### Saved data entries
▼

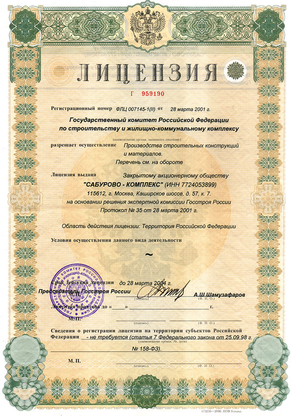ЗАО "Сабурово-Комплекс" имеет на территории г.Москвы мощную производственную базу и профессиональные кадры, что позволяет фирме постоянно совершенствовать свои технологии, многие из которых являются передовыми.
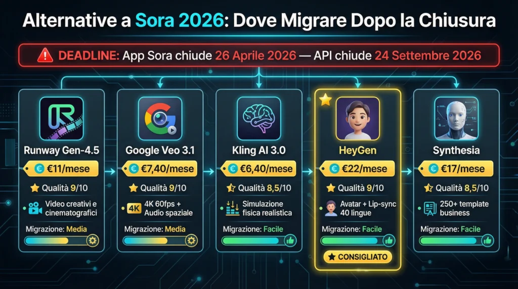 **Se usavi Sora manualmente per creare contenuti** — video social, prototipi, concept — la migrazione è più semplice. Si tratta di trovare un tool alternativo, imparare l’interfaccia, e ricalibrare le aspettative sulla qualità e i tempi.
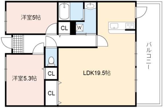 | 間取り詳細 | LDK 19.5畳 、 和室 5.3畳 、 洋室 5畳 |
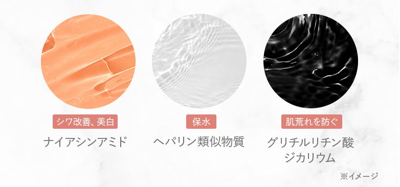 1.「3種の有効成分」により【シワ・シミ*1・乾燥・肌荒れ】を全方位ケア
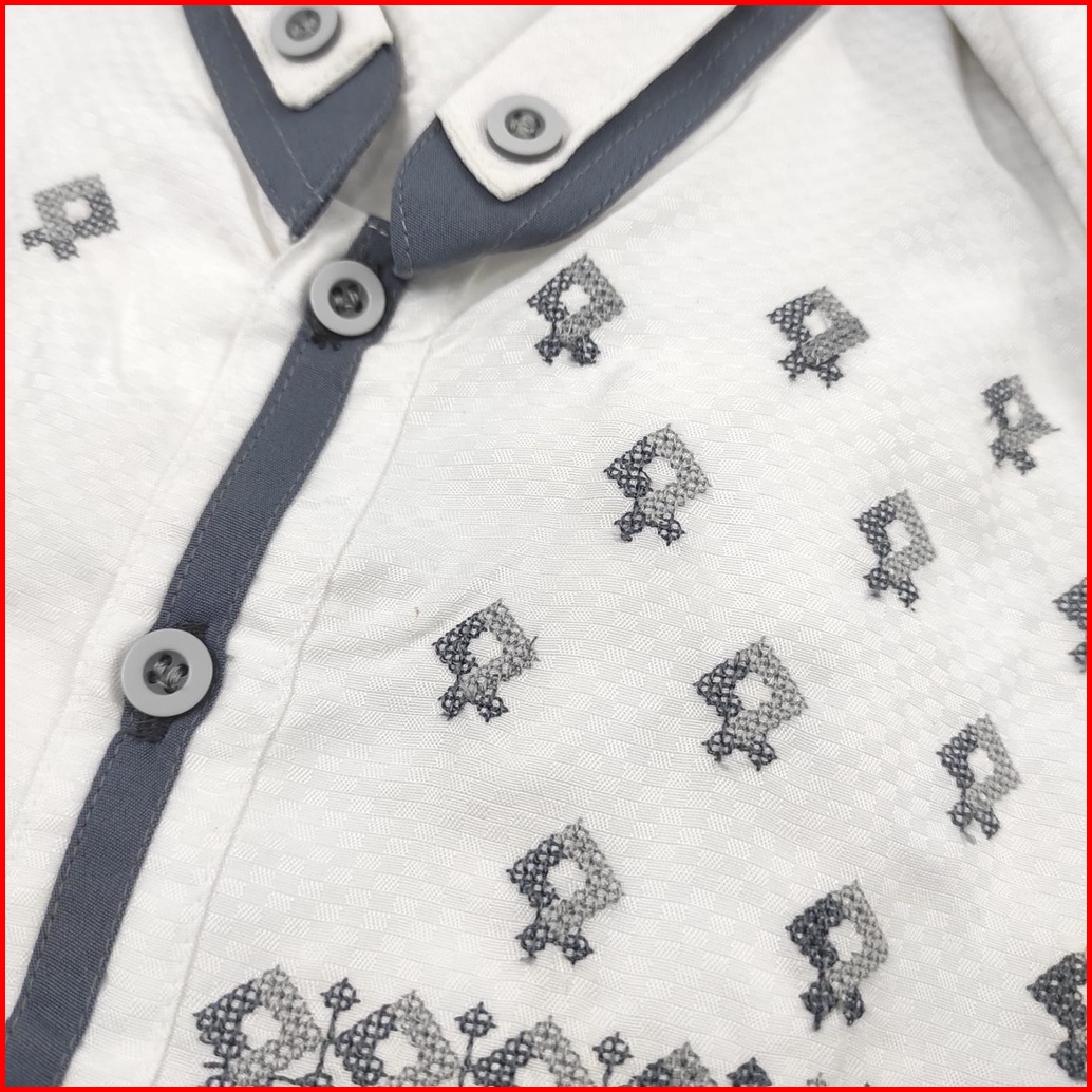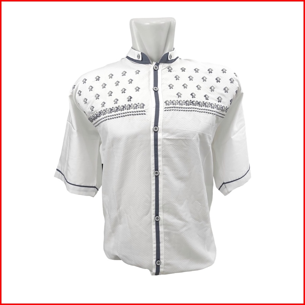 Kemeja Koko Dewasa Laki Cowok Pria Bordir Jumbo M L Xl 2xl 3xl 4xl Putih Tulang Gading Lengan Pendek

▲

### TASK OBJECTIVE
Only the lines from the line with "5.3畳 、 洋室 5畳 |" through the closing line of the data, both included, should be set down, exactly as written and without pictures.

### OUTPUT OF THE EXERCISE
 | 間取り詳細 | LDK 19.5畳 、 和室 5.3畳 、 洋室 5畳 |
 1.「3種の有効成分」により【シワ・シミ*1・乾燥・肌荒れ】を全方位ケア
 Kemeja Koko Dewasa Laki Cowok Pria Bordir Jumbo M L Xl 2xl 3xl 4xl Putih Tulang Gading Lengan Pendek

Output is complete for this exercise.